The records below are to be transcribed exactly from their first line to the line that has "Manitou F-E3 Series", inclusive, with every picture omitted.

Segment Start: DATASET ENTRIES

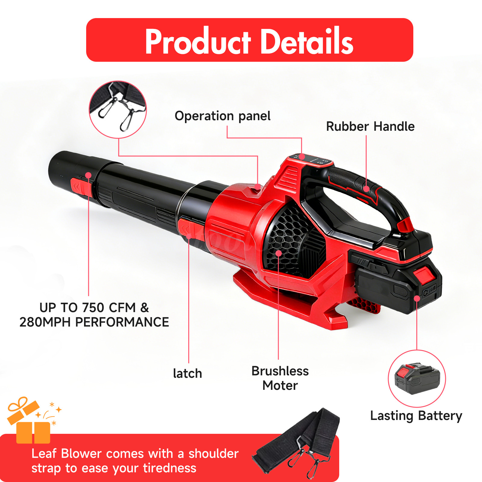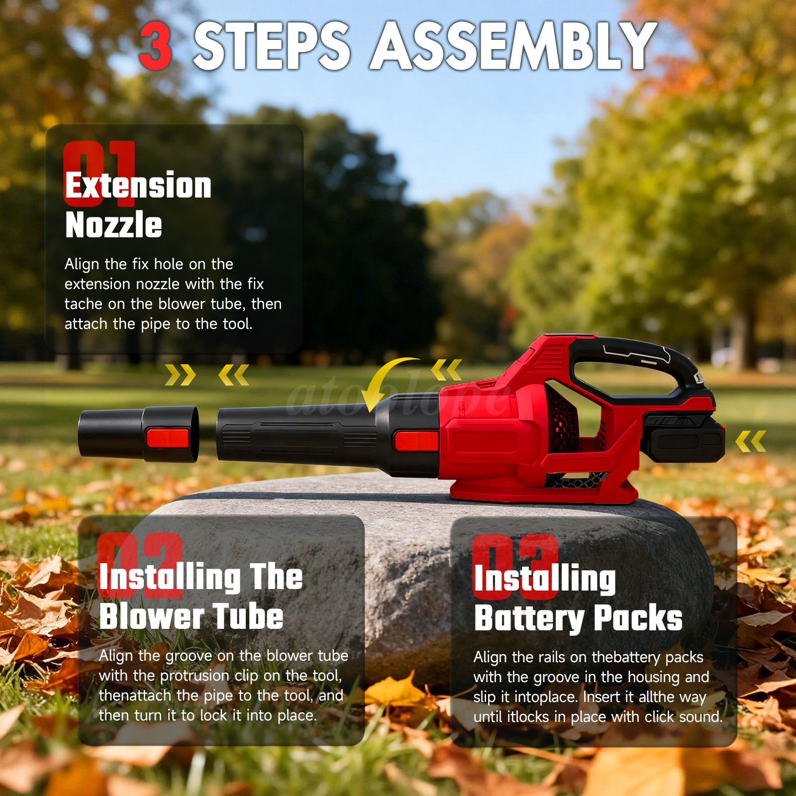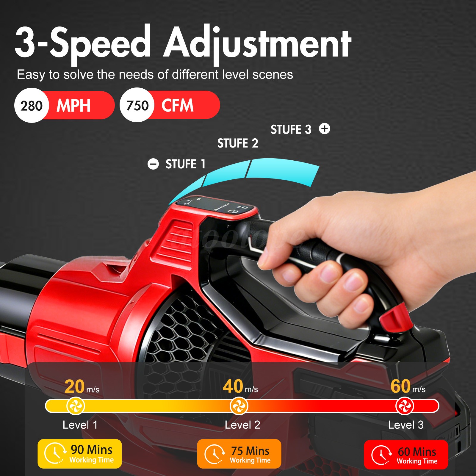 Cordless Leaf Blower 650CFM/280MPH & 3 Speed Levels Electric w/2 Batteries 6.0Ah
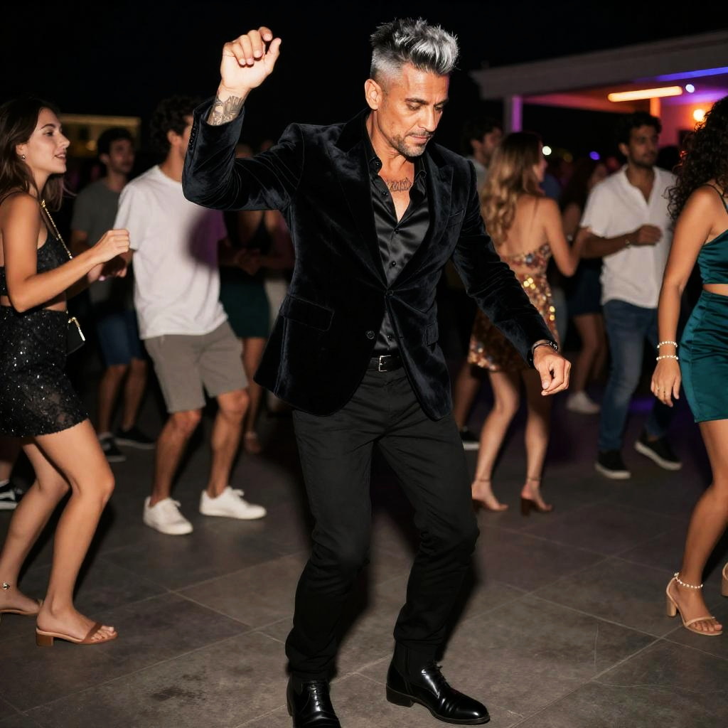 A 45-year-old man with a salt-and-pepper pompadour and full sleeve tattoos, wearing a tailored velvet blazer, silk open-collar shirt, slim tapered trousers and polished leather boots, dancing at a lively rooftop party, surrounded by colorful lights, highly detailed, 8k resolution, sharp, professional, clear, high contrast, high saturated, vivid deep blacks, crystal clear.
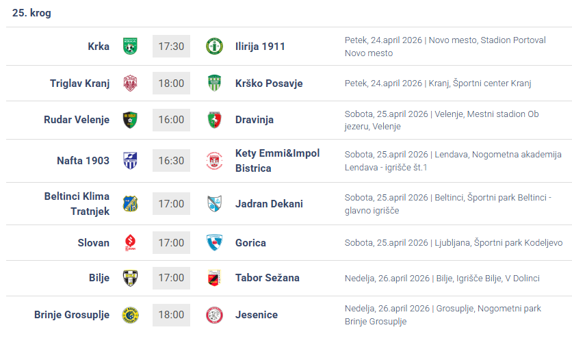 Sobotno popoldne bo v Velenju postreglo z obračunom med Rudarjem in Dravinjo. Jeseni so se zmage veselili Konjičani (1:0), ki so se minuli vikend iz Ljubljane vrnili s polnim izkupičkom - z 2:1 so ugnali Slovan in vknjižili šesto zmago sezone. Eno zmago več imajo na svojem računu po 24 krogih Velenjčani, ki na zadnjih treh tekmah ne poznajo poraza.
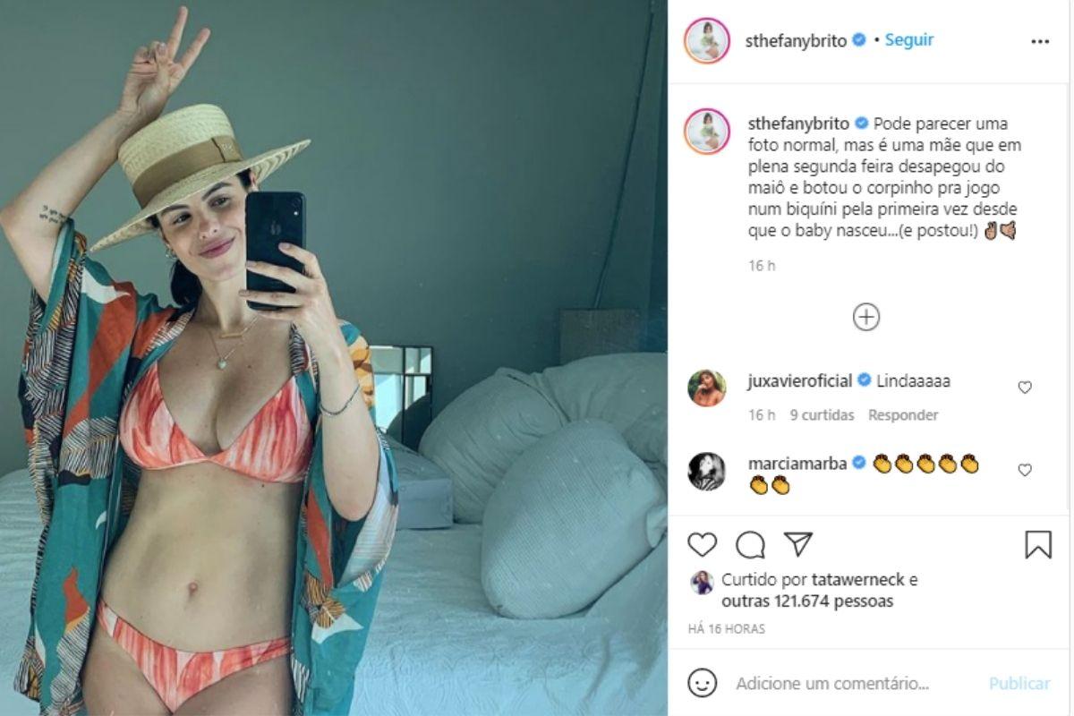 “Pode parecer uma foto normal, mas é uma mãe que em plena segunda feira desapegou do maiô e botou o corpinho pra jogo num biquíni pela primeira vez desde que o baby nasceu…(e postou!)”, escreveu Sthefany na legenda da publicação.
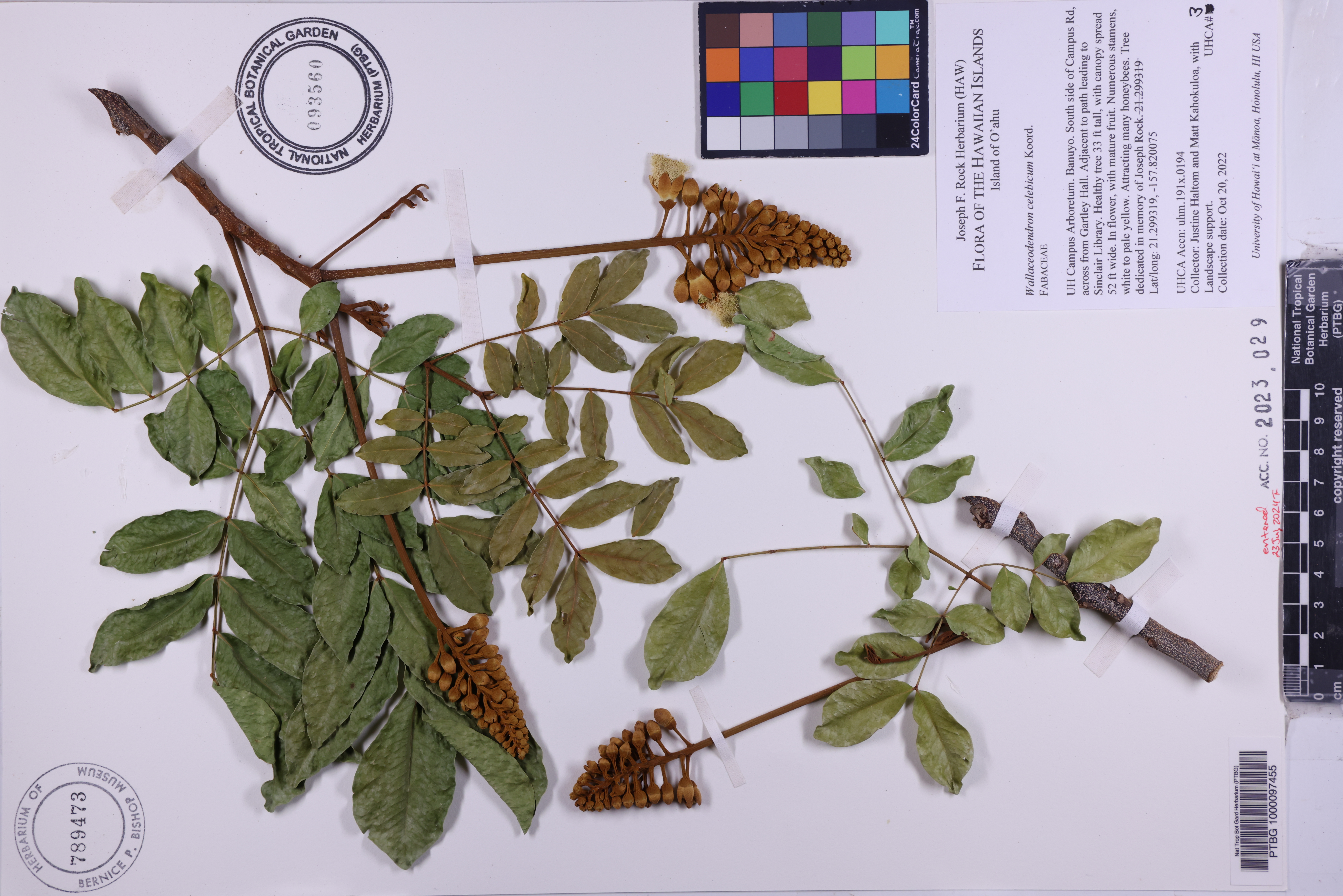 Healthy tree 33 ft tall, with canopy spread 52 ft wide. In flower, with mature fruit. Numerous stamens, with to pale yellow. Attracting many honeybees. Tree dedicated in memory of Joseph Rock. UHCA Accn: uhm.191x.0194
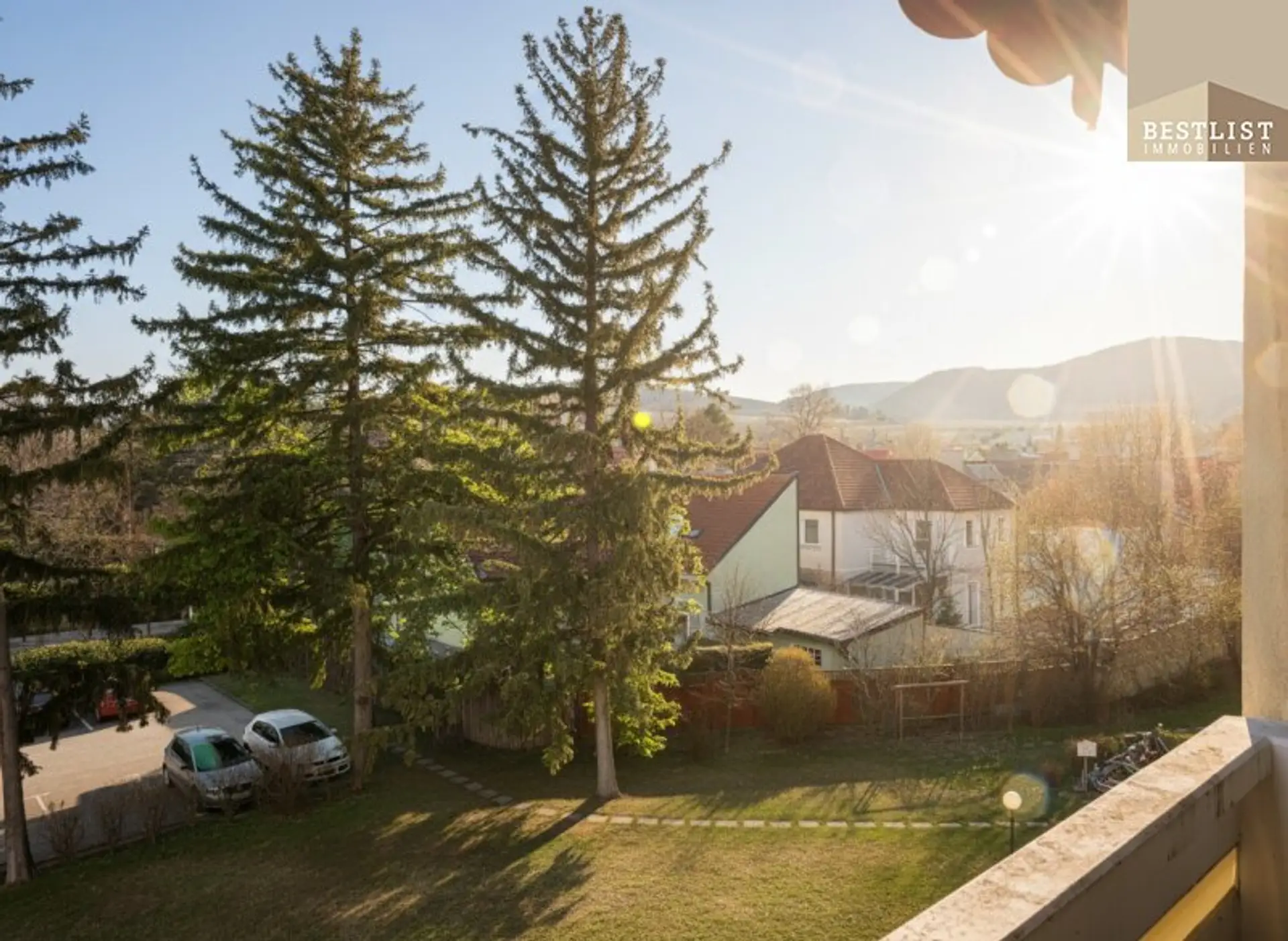Eine Wohnung mit sehr guter Raumaufteilung, viel Licht und einer besonders schönen Loggia, mit Ausblick auf die Weinberger.
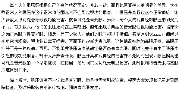 综上所述,眼压偏高不一定就是青光眼,但是也需要引起注意,提醒大家发现状况及时到医院检查,及时采取必要的治疗措施,预防青光眼发生。
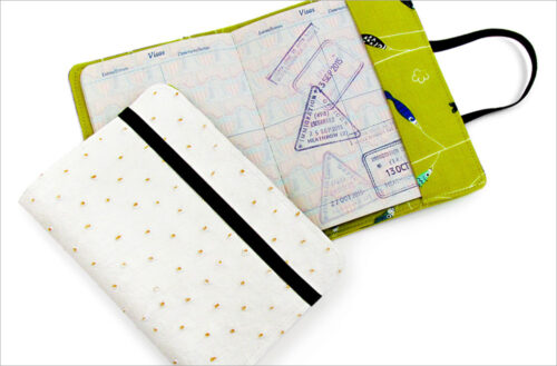With faux leather on the outside and quilting cotton inside, our little folders protect your passport from dirt and keep it flat. Two interior pockets hold it open to the appropriate page, and a stretchy elastic band keeps it shut.
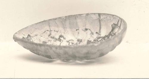 DescriptionColorless; hollowed-out ovoid shape; on exterior two double concentric circles; one double half circle; each side with three leaf-like motifs.
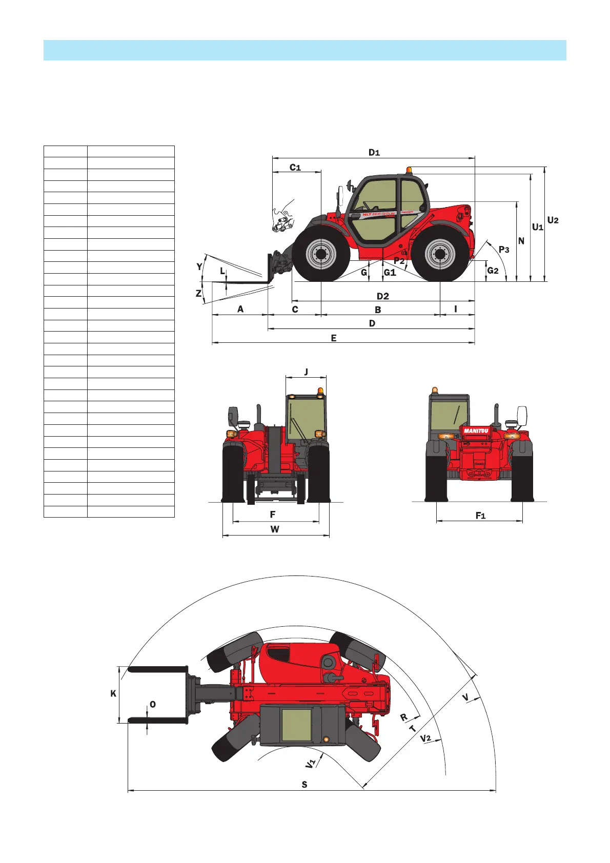 Manitou F-E3 Series - Dimensions and Load Chart
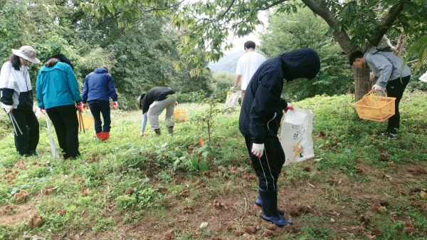 이번 행사는 수확철을 맞아 일손 부족으로 어려움을 겪는 석성면 정각리 밤 농가를 돕기 위한 것으로 밤 떨기와 줍기, 밤 포대 나르기 등 일손돕기 및 주변 환경정화 활동에 참여해 지역 농가에 일손을 보탰다.

Segment End: DATASET ENTRIES

* [EXPECTED OUTPUT]:
 Cordless Leaf Blower 650CFM/280MPH & 3 Speed Levels Electric w/2 Batteries 6.0Ah
 A 45-year-old man with a salt-and-pepper pompadour and full sleeve tattoos, wearing a tailored velvet blazer, silk open-collar shirt, slim tapered trousers and polished leather boots, dancing at a lively rooftop party, surrounded by colorful lights, highly detailed, 8k resolution, sharp, professional, clear, high contrast, high saturated, vivid deep blacks, crystal clear.
 Sobotno popoldne bo v Velenju postreglo z obračunom med Rudarjem in Dravinjo. Jeseni so se zmage veselili Konjičani (1:0), ki so se minuli vikend iz Ljubljane vrnili s polnim izkupičkom - z 2:1 so ugnali Slovan in vknjižili šesto zmago sezone. Eno zmago več imajo na svojem računu po 24 krogih Velenjčani, ki na zadnjih treh tekmah ne poznajo poraza.
 “Pode parecer uma foto normal, mas é uma mãe que em plena segunda feira desapegou do maiô e botou o corpinho pra jogo num biquíni pela primeira vez desde que o baby nasceu…(e postou!)”, escreveu Sthefany na legenda da publicação.
 Healthy tree 33 ft tall, with canopy spread 52 ft wide. In flower, with mature fruit. Numerous stamens, with to pale yellow. Attracting many honeybees. Tree dedicated in memory of Joseph Rock. UHCA Accn: uhm.191x.0194
Eine Wohnung mit sehr guter Raumaufteilung, viel Licht und einer besonders schönen Loggia, mit Ausblick auf die Weinberger.
 综上所述,眼压偏高不一定就是青光眼,但是也需要引起注意,提醒大家发现状况及时到医院检查,及时采取必要的治疗措施,预防青光眼发生。
With faux leather on the outside and quilting cotton inside, our little folders protect your passport from dirt and keep it flat. Two interior pockets hold it open to the appropriate page, and a stretchy elastic band keeps it shut.
 DescriptionColorless; hollowed-out ovoid shape; on exterior two double concentric circles; one double half circle; each side with three leaf-like motifs.
 Manitou F-E3 Series - Dimensions and Load Chart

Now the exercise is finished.